Over the next 15 pages we explore five design models from the government's nationwide Classrooms of the Future programme, each a different take on the learning environment of tomorrow

For the Department for Education and Skills (DfES), and to some extent the local education authorities too, the Classrooms of the Future programme is about educational benefits. Has pupil attainment or behaviour improved; has school morale and the ability to recruit staff benefited; are new teaching and learning methods being implemented; is there greater community involvement in schools? The buildings are means to educational ends.

To explore the range of design strategies pursued, we have looked at five of the new classrooms in the programme, among the 12 participating education authority areas.

These projects generally go beyond the standard 55m 2classroom norm, though are mostly just one class space. Sometimes there are two classrooms, especially in primary schools where these can be a year base. These can then be opened up into a single volume, useful both for school and community use.

For such wider uses, projects often include kitchenettes or cafes, WCs and extensive storage. Usually these classrooms can be shut off from the rest of the school for stand-alone use.

Some of the classrooms do stand alone, literally, like the Telford project (p36-38). For these, the projects are often focused as much on being national models as fitting into their immediate school. Others, such as the two Sheffield schools (p28-31), are very site-specific, solving layout problems for their schools as well as providing new classrooms. Many are meant as better-class replacements for 'temporary' classrooms.

ICT (information and communication technology) is, of course, a major component, though projects vary a lot about how far to organise the classroom around the possibilities the technologies offer. Some projects focus on immediately workable ICT set-ups while others try more to simulate the ICT future.

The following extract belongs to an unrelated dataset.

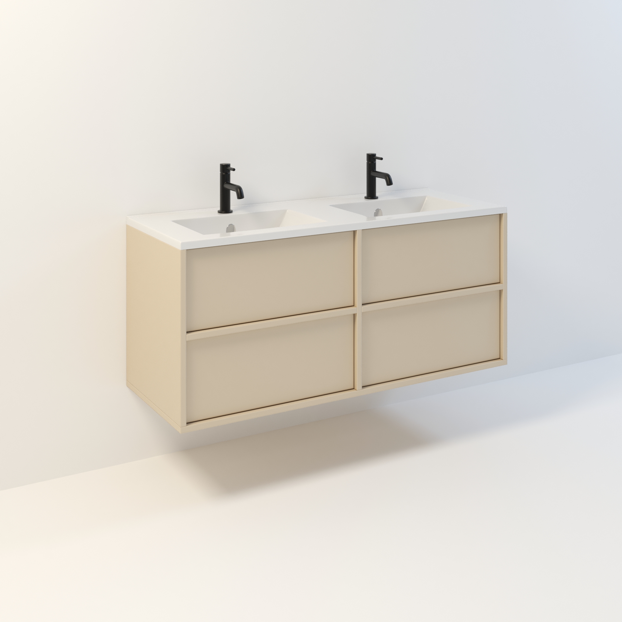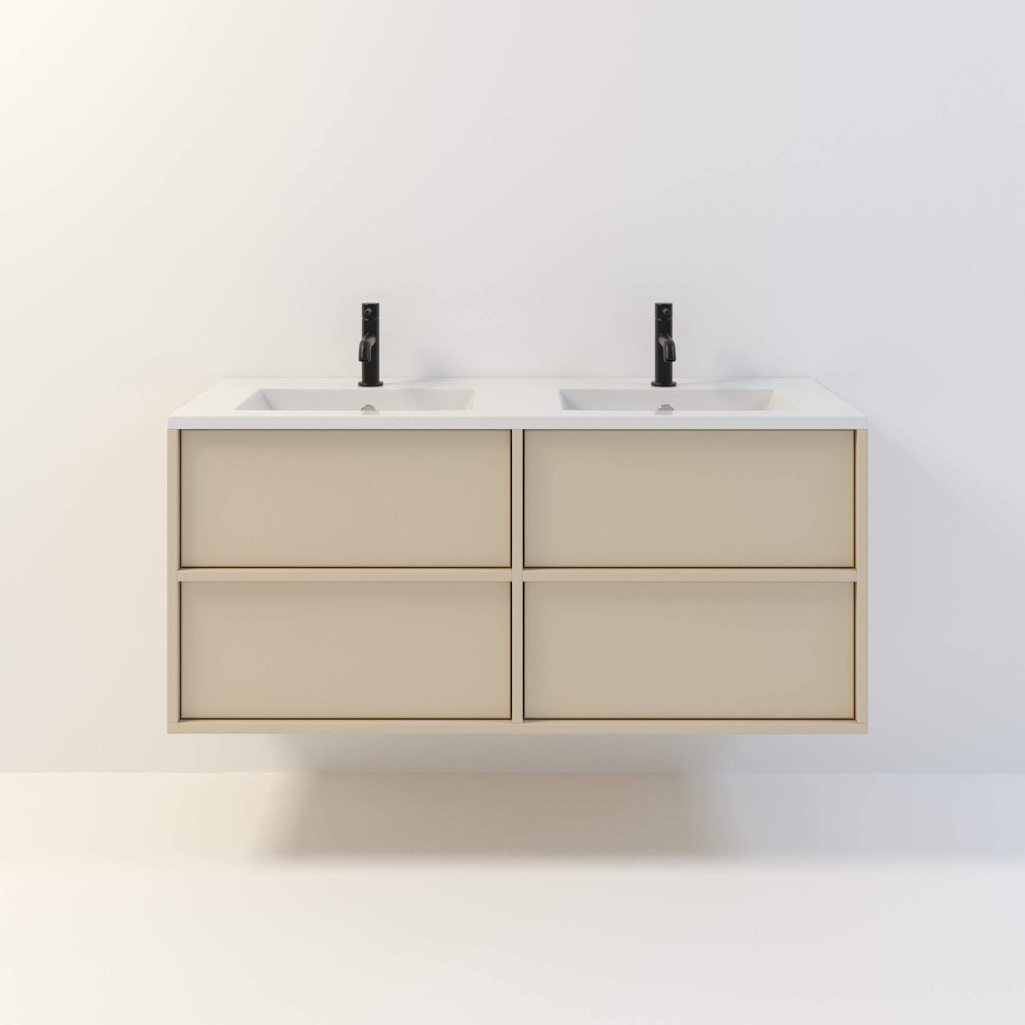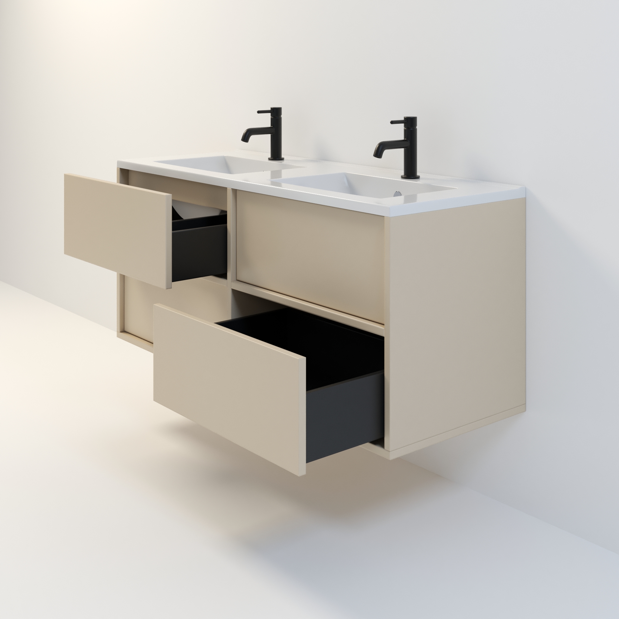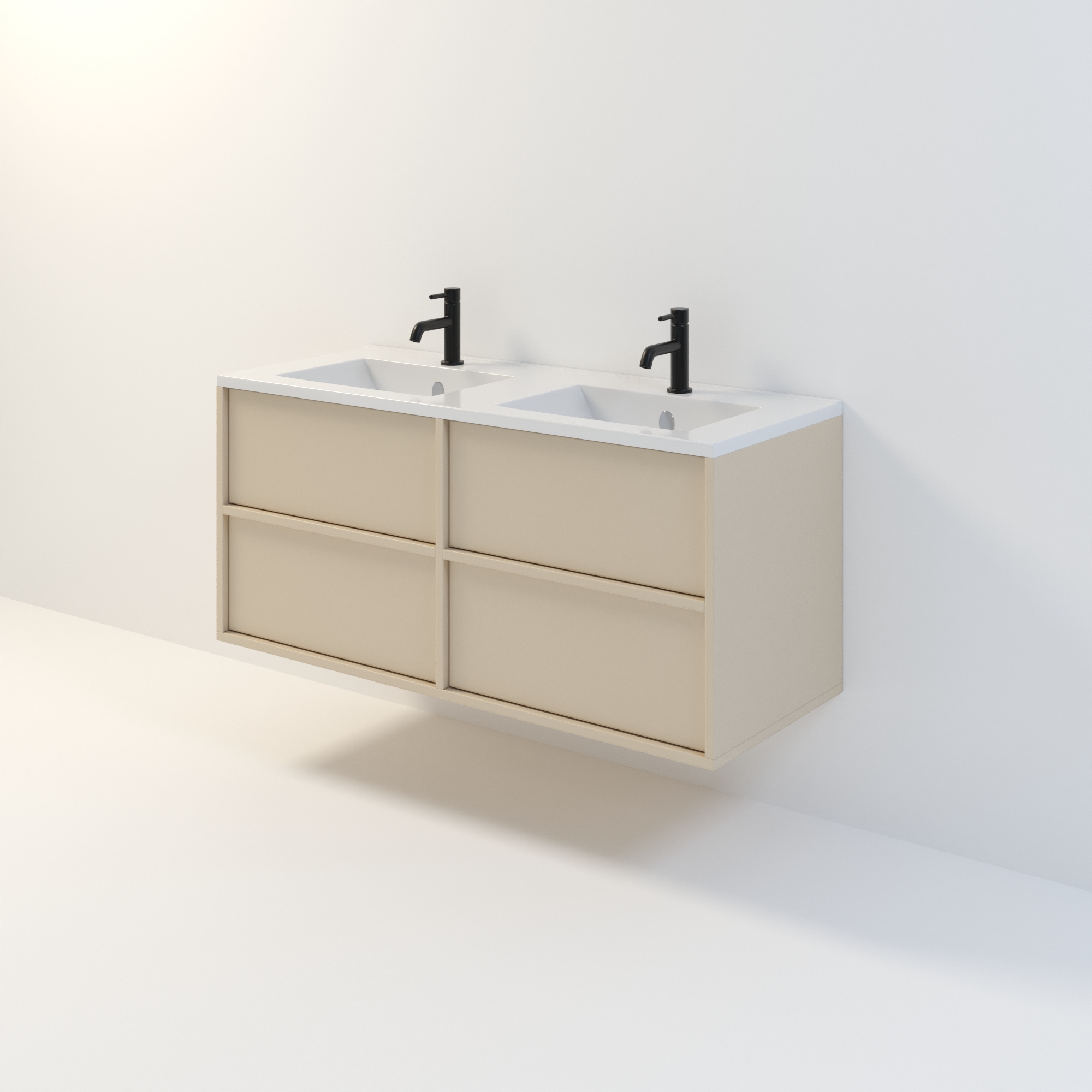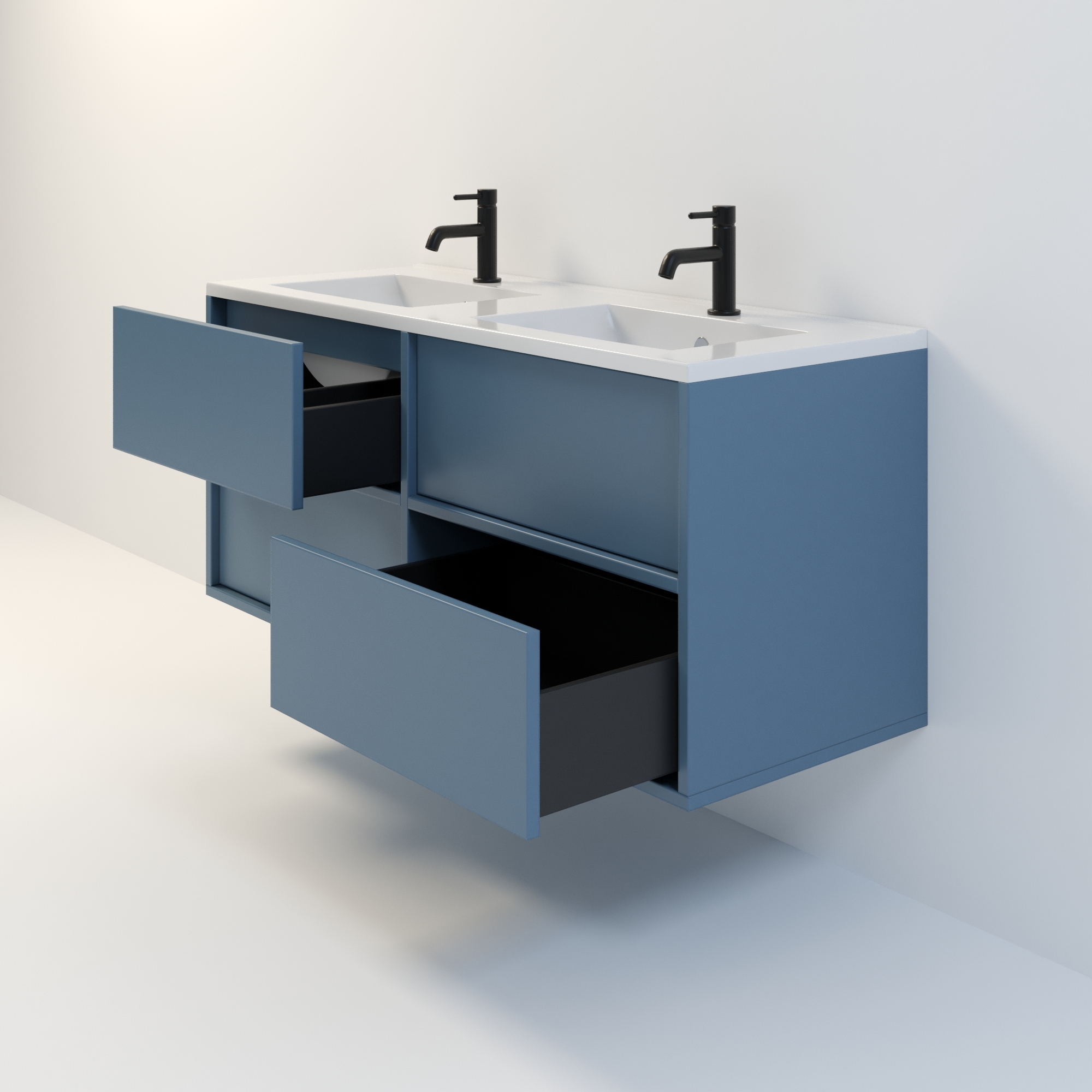Szafka łazienkowa wisząca Minimal 4 z umywalką to nowoczesny zestaw łazienkowy który, składa się z szafki łazienkowej z czterema szufladami oraz podwójnej umywalki ceramicznej pełniącej jednocześnie funkcję blatu. Komplet ten jest niezwykle funkcjonalnym i trwałym rozwiązaniem. Połączenie uniwersalnego stylu z geometryczną formą sprawia, że szafka dobrze komponuje się w różnych aranżacjach.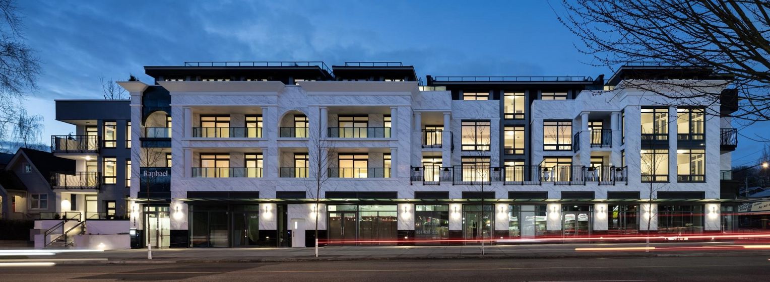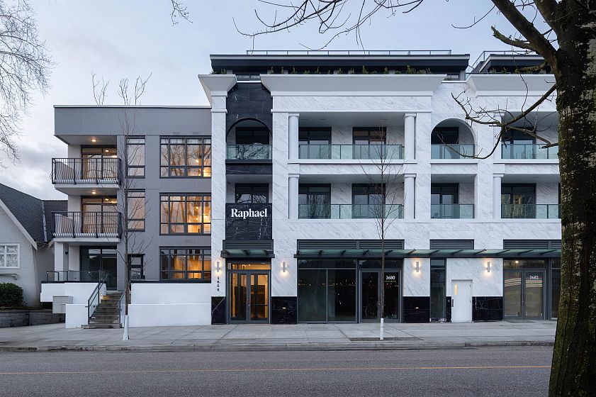 FINAL RELEASE at RAPHAEL - A curation of 35 exquisite residences where the neighbourhoods of Point Grey, Kitsilano and Dunbar come together. Designed by Rafii Architects and inspired by a European aesthetic; contemporary style seamlessly blends with traditional architecture. This 4-storey building features a marble facade, classical columns, and expansive windows. Show-stopping interiors by Ste. Marie Design feature timeless details including Italian cabinets, marble stone countertop and premium Wolf & Sub-Zero brands. Thoughtfully designed closet systems with ample space in the main entry and bedrooms. Composed of marble-inspired floors and walls, granite countertops, and chrome fixtures, the ensuite beautifully contrasts materials for a lasting impression of refinement.

Some installations are quite complex and it is unclear how community groups will make use of them without support technicians constantly available.

Another consistent theme across projects is sustainability, often using the form and construction of the building as a learning aid.

However, projects vary considerably in how 'future' they are in implementing energy technologies that are not (yet) cost-effective, such as photovoltaics, or technologies that are largely symbolic gestures at single-building scale, most conspicuously aerogenerators.

Classrooms geared to the sun need a southerly orientation, which may be difficult to find on an existing site; Chulmleigh (p32-33) smartly sidesteps this.

While the prefabrication chosen by some is a government 'good thing', it remains unclear where the economies of scale will come from that would make it cost-effective. Even with PII contracts bundling several schools together, the volume of work is small-scale to a prefabricator. A county-wide programme of replacing temporary classrooms might be viable.

Architectural quality is not forgotten, of course.All aspire. Some projects, though, have put particular emphasis on making the architecture part of the educational agenda - from the simple, well-made box at Witheridge (p3435) to creating a particular atmosphere at Ballifield (p30-31).

Eventual monitoring, whether of education or energy, should turn these projects into a useful controlled experiment. In the meantime, look and learn.